Когда я и Вадим Фомич впервые встретились, мне показалось, что мы с ним уже когда-то виделись. Не только виделись, но и вместе что-то очень важное для нас обоих решали, хотя и не были друг с другом знакомы. Правда, после университета я работал директором школы в местечке Н., а Вадим Фомич в то время заведовал отделом в укоме партии и порой бывал в волостях, но не припомню случая, чтобы у нас были с ним какие-нибудь служебные дела. Только примерно через три-четыре года, когда я был избран председателем райисполкома и вызван в Вильнюс с отчетом, мы встретились с Вадимом Фомичом. Вместе с несколькими другими товарищами он сидел за длинным, накрытым красным сукном столом и время от времени окидывал меня пронзительным взглядом, терпеливо слушая ораторов, но сам не промолвил ни слова.

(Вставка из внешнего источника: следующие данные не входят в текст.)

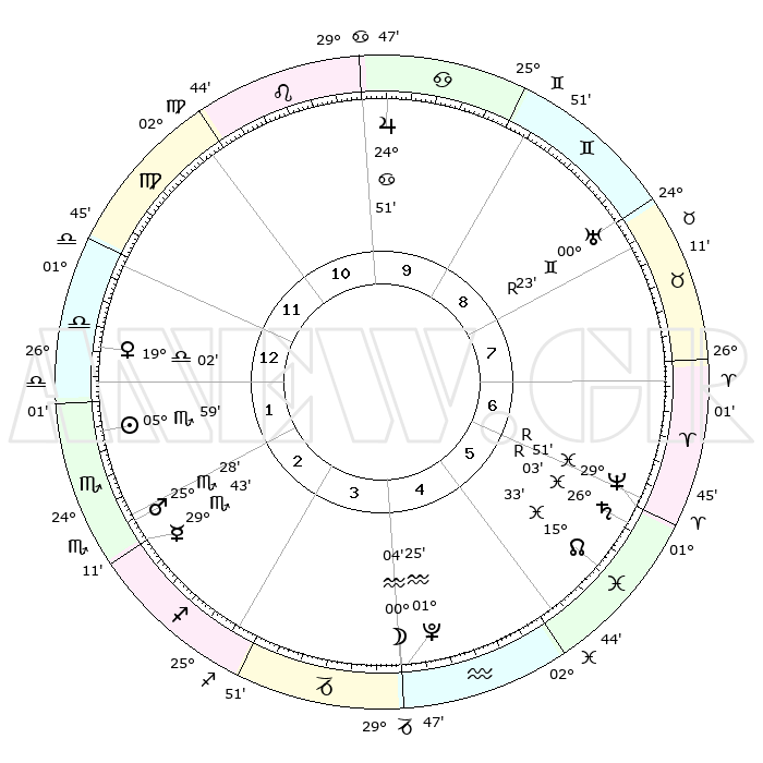 | | ΘΕΣΕΙΣ ΠΛΑΝΗΤΩΝ ΑΣΤΡΟΛΟΓΙΚΟΥ ΧΑΡΤΗ ΤΗΣ ΣΤΙΓΜΗΣ ΑΥΤΗΣ | | | | Πλανήτης | Ζώδιο | Μοίρες | Δεκαήμ. | Σε οίκο | Απόκλιση | | Ακμές των οίκων | | Ηλιος | Σκορπιός | 05°38' | Πρώτο | 5 | 13 S 24 | | 1ος | 10°57' | Καρκίνος | | Σελήνη | Αιγόκερως | 25°37' | Τρίτο | 7 | 24 S 58 | | 2ος | 01°22' | Λέων | | Ερμής | Σκορπιός | 29°20' | Τρίτο | 5 | 22 S 46 | | 3ος | 24°05' | Λέων | | Αφροδίτη | Ζυγός | 18°36' | Δεύτερο | 4 | 05 S 53 | | 4ος | 22°13' | Παρθένος | | Αρης | Σκορπιός | 25°13' | Τρίτο | 5 | 19 S 25 | | 5ος | 27°36' | Ζυγός | | Δίας | Καρκίνος | 24°50' | Τρίτο | 1 | 21 N 14 | | 6ος | 06°24' | Τοξότης | | Κρόνος | Ιχθείς | 26°05'R | Τρίτο | 10 | 03 S 50 | | 7ος | 10°57' | Αιγόκερως | | Ουρανός | Δίδυμοι | 00°24'R | Πρώτο | 11 | 20 N 01 | | 8ος | 01°22' | Υδροχόος | | Ποσειδώνας | Ιχθείς | 29°51'R | Τρίτο | 10 | 01 S 19 | | 9ος | 24°05' | Υδροχόος | | Πλούτωνας | Υδροχόος | 01°25' | Πρώτο | 8 | 23 S 31 | | 10ος | 22°13' | Ιχθείς | | Β. Δεσμός | Ιχθείς | 15°34' | Δεύτερο | 9 | 05 S 41 | | 11ος | 27°36' | Κριός | | Ωροσκόπος | Καρκίνος | 10°57' | Δεύτερο | | | 12ος | 06°24' | Δίδυμοι | | Μεσουράνημα | Ιχθείς | 22°13' | Τρίτο | | | |

Сейчас и вспомнить трудно весь ход того обсуждения, но суть его глубоко врезалась в память. Меня обвиняли, что я слишком сурово отношусь к некоторым хозяйственным новинкам (в частности, к такой редкой для Литвы культуре, как кукуруза), и связывали мой мнимый консерватизм с недоверием к политической линии нашего правительства в народном хозяйстве. Поскольку на одном из совещаний актива я высказался против штурмовщины, выразившейся помимо всего прочего в стремлении некоторых товарищей урезать личные участки колхозников (на мой взгляд, такие участки играли важную роль в производственных планах района), мне приписали и мелкобуржуазную ограниченность, отнюдь не совместимую с обязанностями председателя Совета рабочих и крестьянских депутатов. «Мы возлагали на товарища Гириниса большие надежды, но, к сожалению...» — разведя руками, многозначительно закончил один из выступавших. А другой с горечью заявил: «Товарищ Гиринис не оправдал доверия партии и правительства». Что же, все ясно. Оставалось поблагодарить за внимание и, прежде чем выйти, спросить, когда и кому передать дела.
Так бы я, пожалуй, и сделал, но тут попросил слова Вадим Фомич. Он сказал, что нам опасны не ошибающиеся, а равнодушные. Да и следует хорошенько подумать, ошибается ли Даниелюс Гиринис. Ведь каждый толковый хозяин, пекущийся о своем хозяйстве, прежде всего сеет не для того, чтобы сеять, а для того, чтобы собрать хороший урожай. И если район пока что только наполовину выполнил план сева кукурузы, то это еще не значит, что кого-то надо загодя винить; посмотрим, сколько зеленой массы получит район осенью. Что же до урезывания личных участков колхозников, то вряд ли такая инициатива заслуживает поддержки, пока до конца не решена проблема производства сельхозпродуктов.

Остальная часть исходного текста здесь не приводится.